Trevi Fountain |12|

62 12 0
                                    

Tadi malam, tak ada satupun dari aku maupun Justin yang memakan dua kotak besar pizza yang pria itu beli.

Kami juga tidak banyak bicara, ah tepatnya. Aku terus diam sepanjang perjalanan pulang, kemudian tanpa basa-basi segera masuk ke kamarku setibanya di penginapan.

Justin pun tidak banyak bertanya atau bicara. Sepertinya dia cukup merasa bersalah setelah meninggalkanku lumayan lama kemarin.

Entahlah. Setelah ku pikirkan ulang. Seharusnya aku tidak marah, seharusnya juga Justin tidak perlu merasa bersalah. Ini aneh. Entah bagaimana. Kami mulai terlihat seperti sepasang kekasih yang sedang bertengkar sekarang.

Aku bergerak mengacak-acak rambutku. Ku pandangai lamat-lamat siluet tubuhku yang masih berbalut piyama selutut dan wajah polos baru bangun tidur. Gerae, aku tidak boleh seperti ini. Aku harus kembali menarik garis batas, menegaskan kalau aku dan Justin hanyalah sebatas orang asing yang tidak sengaja bertemu lalu entah bagaimana kami melakukan perjalanan bersama. Hanya itu. Tidak lebih.

Dengan cepat aku beranjak berdiri dan keluar dari kamarku. Ku tekan digit password kamar Justin lantas membukanya, ya. Kami memang sepakat untuk memberi tau password masing-masing. Justin yang meminta. Dan kurasa, hal itu cukup berguna untuk menghindari kalau-kalau terjadi situasi buruk atau mendesak. Setidaknya kami bisa saling mengakses satu sama lain.

Aku mengetuk pintu kamar Justin setelah berada di dalamnya. Tak lama kemudian, pria itu menyembul dari balik tembok, masih dengan kaos hitam polos dan celana pendek se-paha. Rambutnya acak-acakan dan wajahnya sedikit berminyak. Ku tebak dia pasti baru sekali bangun tidur.

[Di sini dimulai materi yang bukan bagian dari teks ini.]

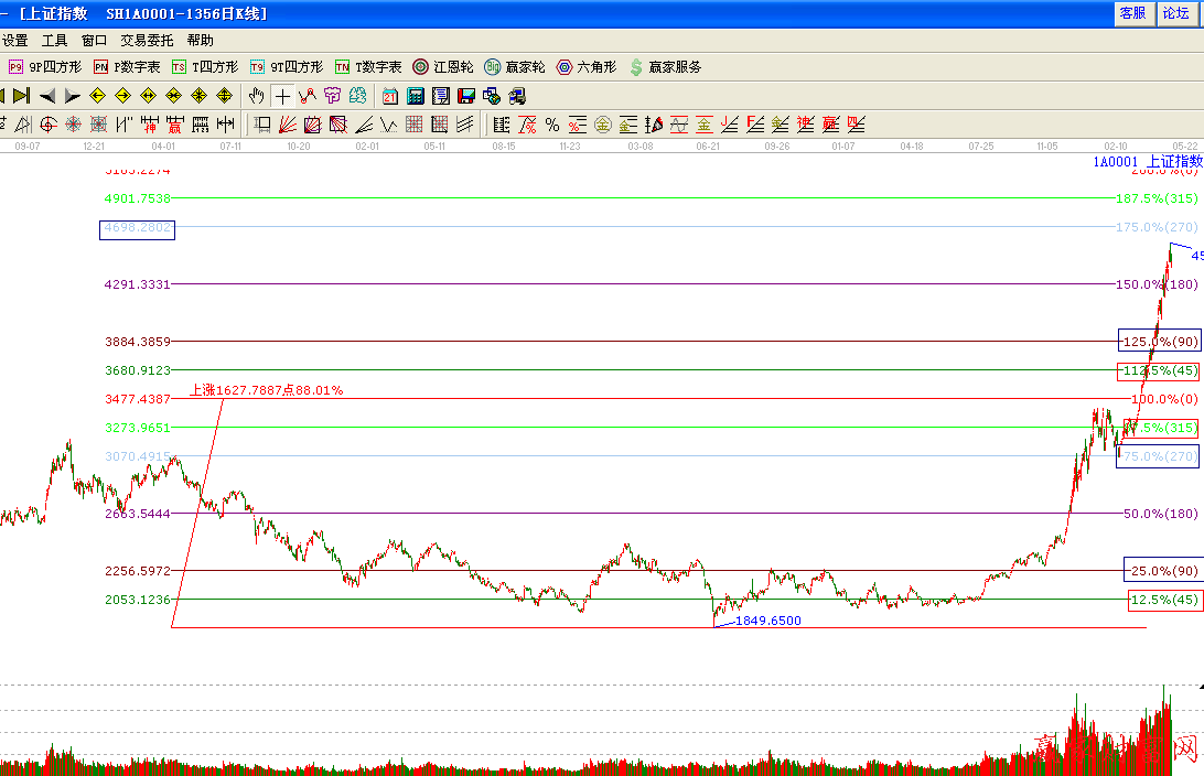 抄底、逃頂,并不難,難的是你思維,太復(fù)雜,下面我通過贏家江恩工具來展示一下江恩百分比在市場(chǎng)中的神奇作用,我只說價(jià)格,時(shí)間只需轉(zhuǎn)下思維便是了,這要靠你自己的悟性了,別人說出來的,你永遠(yuǎn)不可能深層次的理解。同一種顏色方框,代表的是同一條線,起到同樣的周期意義,(研究歷史預(yù)測(cè)未來)。這就是百分比的循環(huán)周期,點(diǎn)到為止,如過思考三遍還不理解,而且還想學(xué)習(xí)的,聯(lián)系客服吧,對(duì)了通過工具得出上證指數(shù)目前下一個(gè)目標(biāo)位是4700點(diǎn)附近.整體向好趨勢(shì)還在。
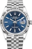 Швейцарские часы Rolex Datejust 36mm Steel and White Gold 126284rbr-0029 представлены знаменитой маркой в корпусе из белого золота и нержавеющей стали с безелем, украшенным белыми бриллиантами классической огранки. Синий сатинированный циферблат ручной работы имеет часовую разметку из натуральных белых бриллиантов классической огранки и апертуру даты, сверху которой установлено циклопное увеличительное стекло. Механизм с автоматическим подзаводом 3235 способен работать без подзавода до 70 часов. Высокая точность хода установленного калибра подтверждена сертификатом хронометра COSC. На запястье руки часы фиксируются комфортным комбинированным браслетом из стали и белого золота JUBILEE с раскладной пряжкой. Водонепроницаемость корпуса повышена до 100 метров. Часы, диаметром 36 мм, выпущены в 2019 году.

"Kau mengetuk pintu kamar orang sesudah berada di dalamnya, eoh?" Ujarnya terheran.

Aku menggendikan bahu dan langsung berjalan menuju dapur. Pagi ini aku yang memasak. Dan sepertinya, kedepannya pun akan ku pastikan Justin tidak perlu lagi memegang urusan dapur. Bisa mati sakit perut aku jika terus menerus memakan masakannya.

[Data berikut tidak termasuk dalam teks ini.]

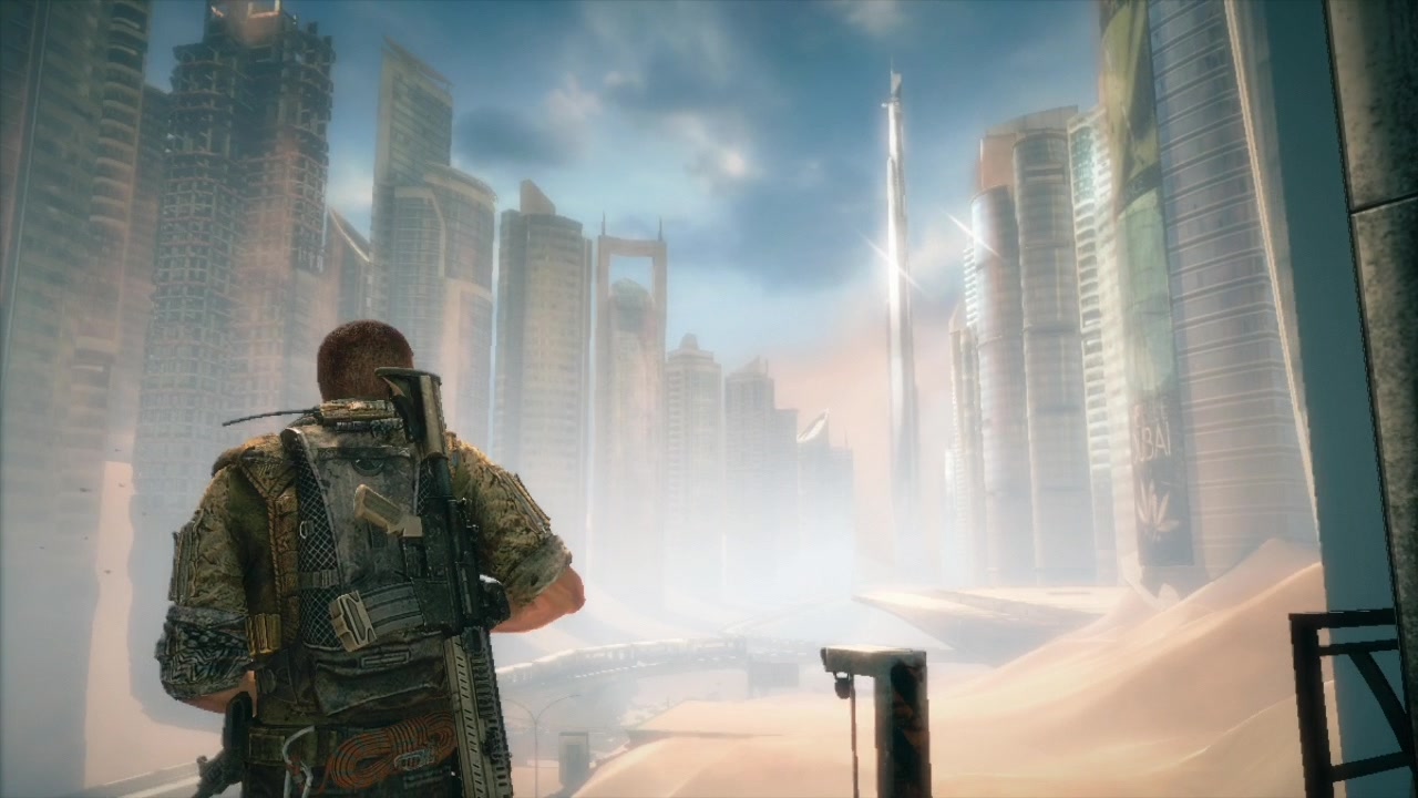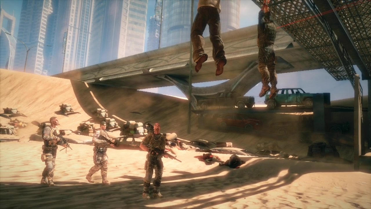 本作既是以沙漠為舞台,那麼當然「沙塵」的表現是一大重點,《特種戰線》以 Unreal 3 引擎打造而成,除了重現杜拜當地建築物內原本的華麗內裝之外,在充斥整個城市的「沙」上的光影與物理特效的表現上也是一流,別以為在遊戲中沙子只是像煙霧一樣擋視線的玩意,其實各種與沙子的互動,正是《特種戰線》的重頭戲,除了能利用爆炸揚起沙塵阻礙敵人視線之外,玩家還能利用破壞周邊的環境引起沙塵崩落,輕則暫時癱瘓敵人的行動,若是引起巨大的「沙崩」,甚至還能一舉淹沒一大票的敵人。
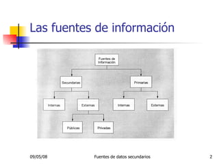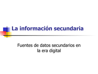 El documento habla sobre las fuentes secundarias de datos en la era digital. Explica que los datos secundarios son datos previamente recopilados que pueden usarse para identificar problemas, formular diseños de investigación y proporcionar información comparativa. También describe varios tipos de datos secundarios internos y externos, como informes de la compañía, datos del gobierno y estudios de mercado privados. Además, menciona algunos usos comunes de los datos secundarios como el análisis del comportamiento del mercado y la construcción de mode

Justin mengekori langkahku dan duduk di kursi pantry.

"Kau mau masak?"

"Memangnya pagi ini mau makan angin?"

Justin mendengus, "Pizza semalam ku taruh kulkas, kalau di hangatkan sepertinya masih bisa dimakan."

Aku memutar bola mata malas. "Kau saja yang makan. Aku tidak."

"Kenapa?"

"Tidak mau, malas saja."

Justin mengusap poninya dan merapikannya ke belakang. "Kau masih marah soal semalam?"

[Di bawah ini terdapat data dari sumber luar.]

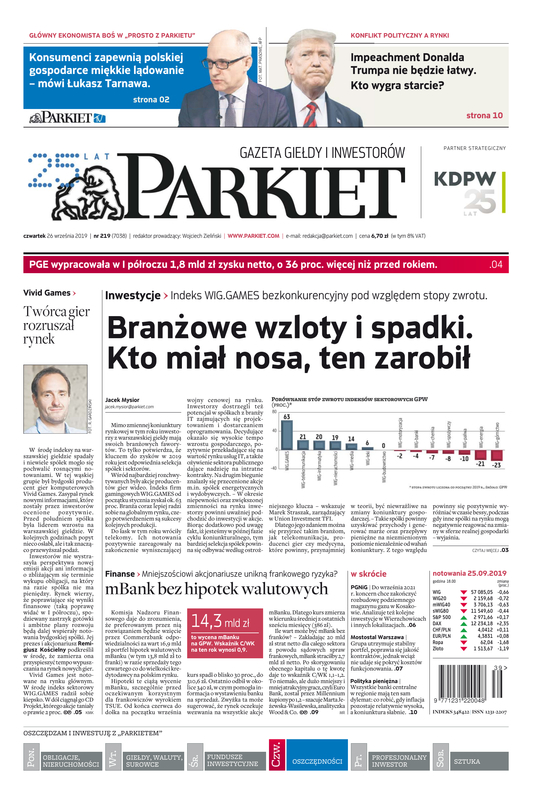 Największy w Polsce newsroom gospodarczy zbiera, analizuje i zgłębia dla Państwa najważniejsze informacje ze świata finansów. Codzienne wydanie „Parkietu”, sześć dni w tygodniu, to kilkadziesiąt artykułów o emitentach, instytucjach finansowych, gospodarce. To również opinie, felietony i wywiady z najważniejszymi ludźmi krajowej i globalnej finansjery.
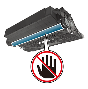 警告—破損の恐れあり: フォトコンダクタードラムには触らないでください。触れると、今後の印刷ジョブの印刷品
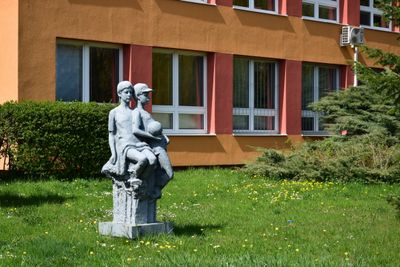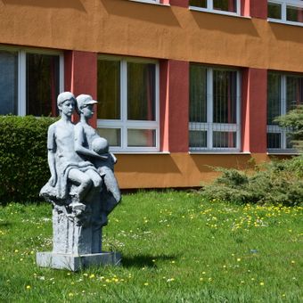 Socha matky s dítětem u školy v Březenecké ulici v Chomutově
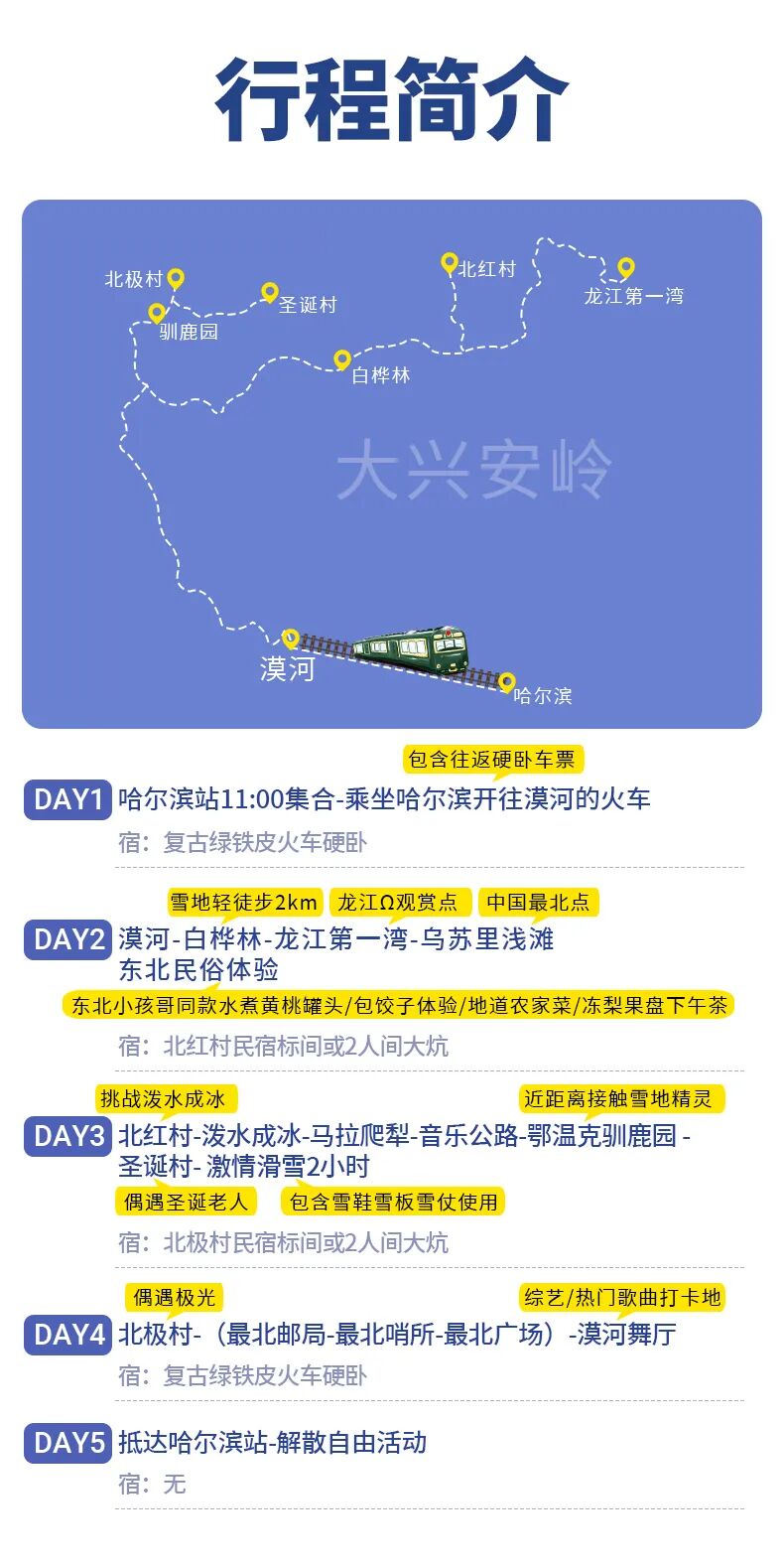 3、火车条件有限,敬请谅解。参考车次:K7039(17:18/次日10:07)或K7041(18:05/次日12:23)或 K5174(12:20/次日08:28)或K5171(12:55/次日08:28)具体车次和时间以出票为准。4、哈尔滨冬季打出租车较为困难,一般都是拼车,大家出去玩的时候建议使用网约车软件打车。
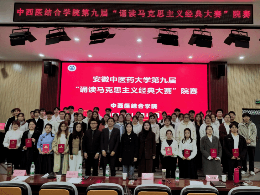 诵读马列经典,洞见真理之光。11月13日,中西医结合学院第九届“诵读马克思主义经典大赛”院赛在至精楼B254报告厅举行。本次大赛特邀马克思主义学院“马克思主义中国化”教研室陈书华老师、“中国近现代史纲要”教研室李秋晨老师,学院党委副书记彭青和、行政办主任云大清老师担任评委,学院2024级8个班级参加比赛。

"Siapa yang marah?" Mataku refleks memicing.

"Lihat, kau mulai marah lagi."

"Aku tidak marah."

Justin berdecih, satu tangannya menopang dagu. Matanya masih memperhatikan gerak gerik ku memotong beberapa daging dan sayuran.

"Kau tidak mau tau kenapa kemarin aku pergi lama sekali?"

"Tidak."

"Serius?"

"Aku tidak tertarik."

Justin mendengus sebelum kemudian beranjak bangun dan pergi menuju nakas dekat tempat tidurnya, pria itu kembali lagi dan menyodorkan sesuatu ke arahku.

"Aku beli ini," Ucapnya. "Untukmu."

Gerakan tanganku yang sedang memotong sontak terhenti. Segera ku bilas telapakku di wastafel, sebelum kemudian membuka kotak kecil warna biru tua yang Justin sodorkan. Mataku sedikit membulat saat menemukan sebuah pena cantik di dalamnya. Ukiran di setiap sisinya sangat unik. Aku sempat terdiam beberapa saat hanya untuk memandanginya.